La scelta del dialogo non nasconda l'identità cristiana
Benedetto XVI all'udienza generale afferma che quando si parla di identità, ciò comporta "la forza, la chiarezza e il coraggio della provocazione che sono propri della fede".

Città del Vaticano (AsiaNews) – Dialogo sì, ma senza nascondere la propria fede, perché, ricorda il Papa, evidenziare "le linee maestre e irrinunciabili" della fede è per il cristiano "un dovere" da eseguire con la stessa "ferma costanza" con la quale va proseguita la "via dell'indulgenza e del dialogo" intrapresa dal Concilio. Avendo presente che quando si parla di identità cristiana, ciò comporta "la forza, la chiarezza e il coraggio della provocazione che sono propri della fede". "Il dovere" di manifestare la propria identità e la pacifica coesistenza di persone di diverse categorie sociali unite dalla stessa fede sono stati i temi dei quali Benedetto XVI ha parlato oggi alle 35mila persone presenti in piazza San Pietro per l'udienza generale.

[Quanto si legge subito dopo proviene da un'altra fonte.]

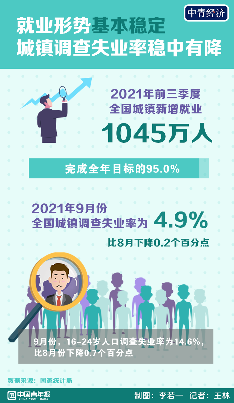 中国青年报客户端北京10月18日电(中青报·中青网记者 王林)国家统计局刚刚公布的数据显示,前三季度全国城镇新增就业1045万人,已完成全年目标的95.0%。国家统计局新闻发言人、国民经济综合统计司司长付凌晖表示,大学生、农民工等重点群体的就业得到改善,带动城镇调查失业率稳中有降。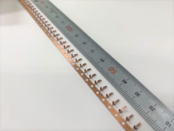 こちらは自動車業界で使用されるC7025-TM03製のプレスフィット端子です。板厚は0.64mm、ピッチは2.2mmで、試作順送金型にて製造いたしました。

Proseguendo nella illustrazione delle figure degli apostoli, il Papa ha parlato oggi di Simone il Cananeo e Giuda Taddeo. Provenienti da realtà sociali del tutto diverse essi sono "segno evidente che Gesù chiama i suoi discepoli e collaboratori dagli strati sociali e religiosi più diversi, senza alcuna preclusione. A Lui interessano le persone, non le categorie sociali o le etichette! E la cosa bella è che nel gruppo dei suoi seguaci, tutti, benché diversi, coesistevano insieme, superando le immaginabili difficoltà: era Gesù stesso, infatti, il motivo di coesione, nel quale tutti si ritrovavano uniti. Questo costituisce chiaramente una lezione per noi, spesso inclini a sottolineare le differenze e magari le contrapposizioni, dimenticando che in Gesù Cristo ci è data la forza per comporre le nostre conflittualità".

Ricordando poi l'attribuzione a Giuda Taddeo di una lettera nella quale duramente vengono criticati "coloro che prendono pretesto dalla grazia di Dio per scusare la propria dissolutezza e per traviare altri fratelli con insegnamenti inaccettabili, introducendo divisioni all'interno della Chiesa", Benedetto XVI ha rilevato che oggi non si usa più un linguaggio "così polemico" per "dire con molta chiarezza sia ciò che rimane distintivo del cristianesimo, sia ciò che è incompatibile con esso. La via dell'indulgenza e del dialogo, che il Concilio Vaticano II ha felicemente intrapreso, va sicuramente proseguita con ferma costanza. Essa tuttavia non deve far dimenticare il dovere di ripensare e di evidenziare sempre con altrettanta forza le linee maestre e irrinunciabili della nostra identità cristiana. D'altra parte, occorre avere ben presente che questa nostra identità non si gioca su di un piano semplicemente culturale né ad un livello superficiale, ma richiede la forza, la chiarezza e il coraggio della provocazione che sono propri della fede".

"Si vede bene - ha concluso il Papa - che l'autore di queste righe vive in pienezza la propria fede, alla quale appartengono realtà grandi come l'integrità morale e la gioia, la fiducia e infine la lode, essendo il tutto motivato soltanto dalla bontà del nostro unico Dio e dalla misericordia del nostro Signore Gesù Cristo. Perciò, tanto Simone il Cananeo quanto Giuda Taddeo ci aiutino a riscoprire sempre di nuovo e a vivere instancabilmente la bellezza della fede cristiana, sapendone dare testimonianza forte e insieme serena".